▶ **Your task**
The whole listing below should be retyped exactly, without any images.

▶ **Study material**
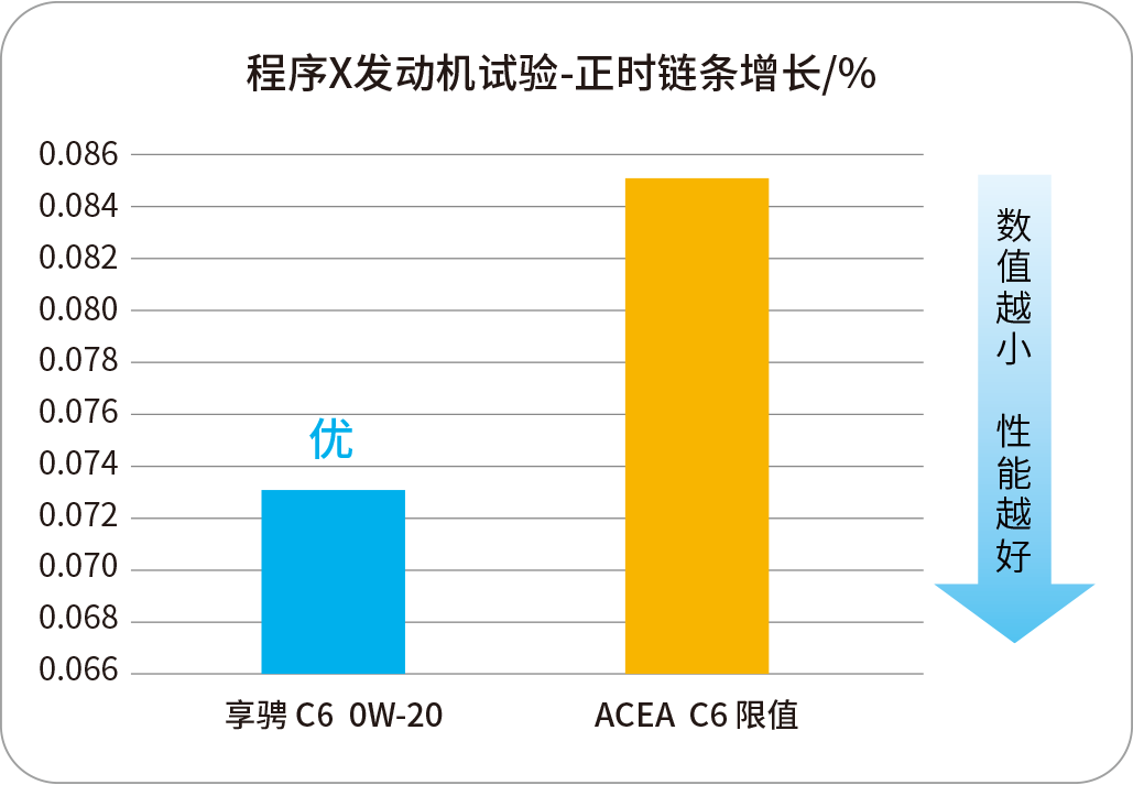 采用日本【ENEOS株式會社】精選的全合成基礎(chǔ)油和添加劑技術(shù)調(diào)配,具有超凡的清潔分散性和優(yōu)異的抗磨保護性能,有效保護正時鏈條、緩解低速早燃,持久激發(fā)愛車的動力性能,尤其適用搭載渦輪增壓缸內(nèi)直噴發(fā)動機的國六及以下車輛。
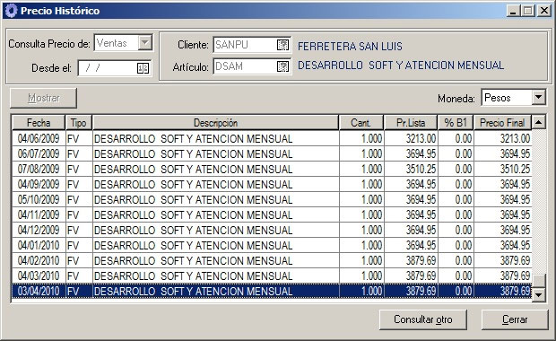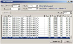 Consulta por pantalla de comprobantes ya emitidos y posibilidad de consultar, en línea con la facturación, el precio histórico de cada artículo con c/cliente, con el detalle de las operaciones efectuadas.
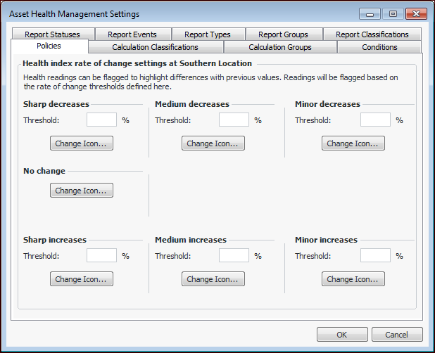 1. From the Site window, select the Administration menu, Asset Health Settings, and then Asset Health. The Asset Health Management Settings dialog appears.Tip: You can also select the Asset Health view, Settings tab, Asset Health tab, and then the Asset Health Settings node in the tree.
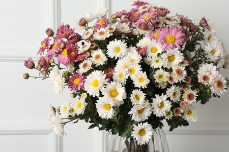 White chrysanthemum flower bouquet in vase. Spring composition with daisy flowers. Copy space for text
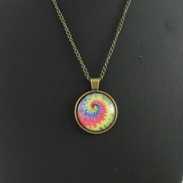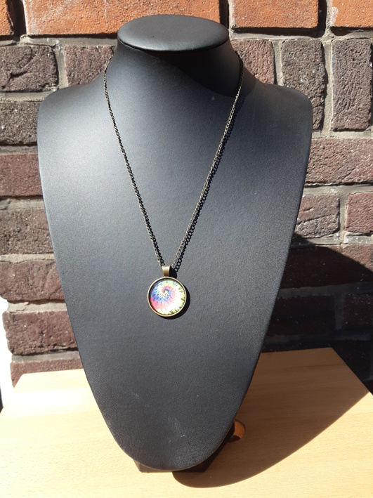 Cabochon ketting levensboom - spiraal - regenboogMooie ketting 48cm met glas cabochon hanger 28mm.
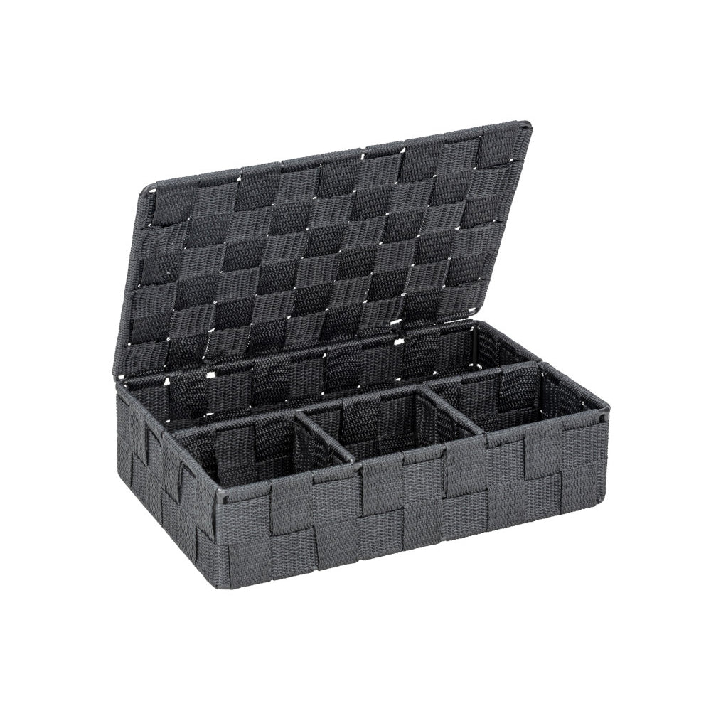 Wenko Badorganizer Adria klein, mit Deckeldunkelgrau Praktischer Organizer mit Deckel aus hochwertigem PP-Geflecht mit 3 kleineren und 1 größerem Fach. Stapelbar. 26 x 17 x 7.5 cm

▶ **Final answer**
 采用日本【ENEOS株式會社】精選的全合成基礎(chǔ)油和添加劑技術(shù)調(diào)配,具有超凡的清潔分散性和優(yōu)異的抗磨保護性能,有效保護正時鏈條、緩解低速早燃,持久激發(fā)愛車的動力性能,尤其適用搭載渦輪增壓缸內(nèi)直噴發(fā)動機的國六及以下車輛。
 Consulta por pantalla de comprobantes ya emitidos y posibilidad de consultar, en línea con la facturación, el precio histórico de cada artículo con c/cliente, con el detalle de las operaciones efectuadas.
 1. From the Site window, select the Administration menu, Asset Health Settings, and then Asset Health. The Asset Health Management Settings dialog appears.Tip: You can also select the Asset Health view, Settings tab, Asset Health tab, and then the Asset Health Settings node in the tree.
 White chrysanthemum flower bouquet in vase. Spring composition with daisy flowers. Copy space for text
 Cabochon ketting levensboom - spiraal - regenboogMooie ketting 48cm met glas cabochon hanger 28mm.
 Wenko Badorganizer Adria klein, mit Deckeldunkelgrau Praktischer Organizer mit Deckel aus hochwertigem PP-Geflecht mit 3 kleineren und 1 größerem Fach. Stapelbar. 26 x 17 x 7.5 cm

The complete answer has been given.